For example, if your director committed negligence in 1985 but no
claim was made until 1995, the company's 1995 claims-made directors'
and officers' liability or errors and omissions policy may be impacted
-- the 1985 policies would not be involved. Upon renewal these policies
present a real danger to policyholders of losing coverage for "claims"
that have not yet been reported to their insurer.
One
way insurers have permitted insureds to avoid having a claim rejected
on reporting grounds is by including an "extended reporting"

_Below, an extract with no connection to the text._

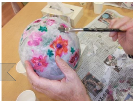
模様の半紙を重ねて貼る。
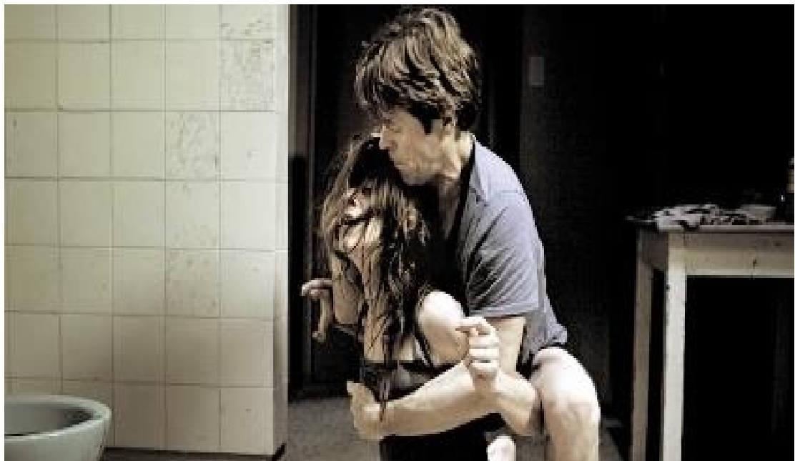
Figura 5 – Em Anticristo , os personagens ELE e ELA formam um casal que entra em constante atrito físico.

utilizados com seus elencos, como estímulos a partir de provocações reais, os resultados das atuações nos seus filmes costumam, aliás, ser reconhecidos como representações irrepreensíveis no sentido de entrega e dedicação do elenco, logrando, inclusive, muitos prêmios nesse quesito. Charlotte Gainsbourg, atriz presente nos três filmes da Trilogia da Depressão, revela que, nos dias de gravação, não eram definidas as cenas que seriam filmadas e nem um roteiro detalhado era disponibilizado aos atores, que tinham liberdade de improvisar falas se quisessem. Muitas lacunas os atores completavam de acordo com estímulos do diretor no momento da gravação (2014). Esse desconforto proposital pode não trazer empatias pessoais, mas consegue efeitos qualitativos nas representações. A sensação permanente de insegurança levada aos intérpretes conduz a uma atenção total ao foco da cena. O clima torna-se tenso e o resultado intenso.

provision that lets you report a circumstance to the carrier that
may give rise to a future claim. For example, if your client threatens
to sue you in 1992 for something you did in 1991 and you report
this "threat" to your insurer, any future claim (filed
after the policy expires) will be considered covered by the 1991
policy.
Who Gets Notice?
There are also helpful steps the insured can take before a lawsuit
is ever filed. For example, since occurrence policies cover events
that may have taken place many years earlier, it is critical that
all old policies are saved. Insurers often do not have copies of
policies, only bare-bones coverage records. The passage of only
a few years can make complete policy construction a challenge. If
complete policies cannot be found company and insurance broker records
can be used to "reconstruct" coverages. Each claim is
unique and full analysis should be given to determine under which
insurance policies notice should be given.
You
and Your Insurance Broker
Your insurance broker can be very helpful in evaluating, placing
and administering policies. You may be surprised to learn, however,
that in Illinois, your broker is often considered your agent and
not the insurer's agent. This means that if your broker fails to
send the insurer your premium, forgets to process your policy renewal,
obtains inadequate coverage or fails to timely report your claim,
the mistake will be held against you -- not the insurer. Conversely,
in some circumstances' brokers are agents of your insurance company.
Thus, your insurance broker might not be the best person for you
to rely upon to present a claim and advocate your company's position
on coverage.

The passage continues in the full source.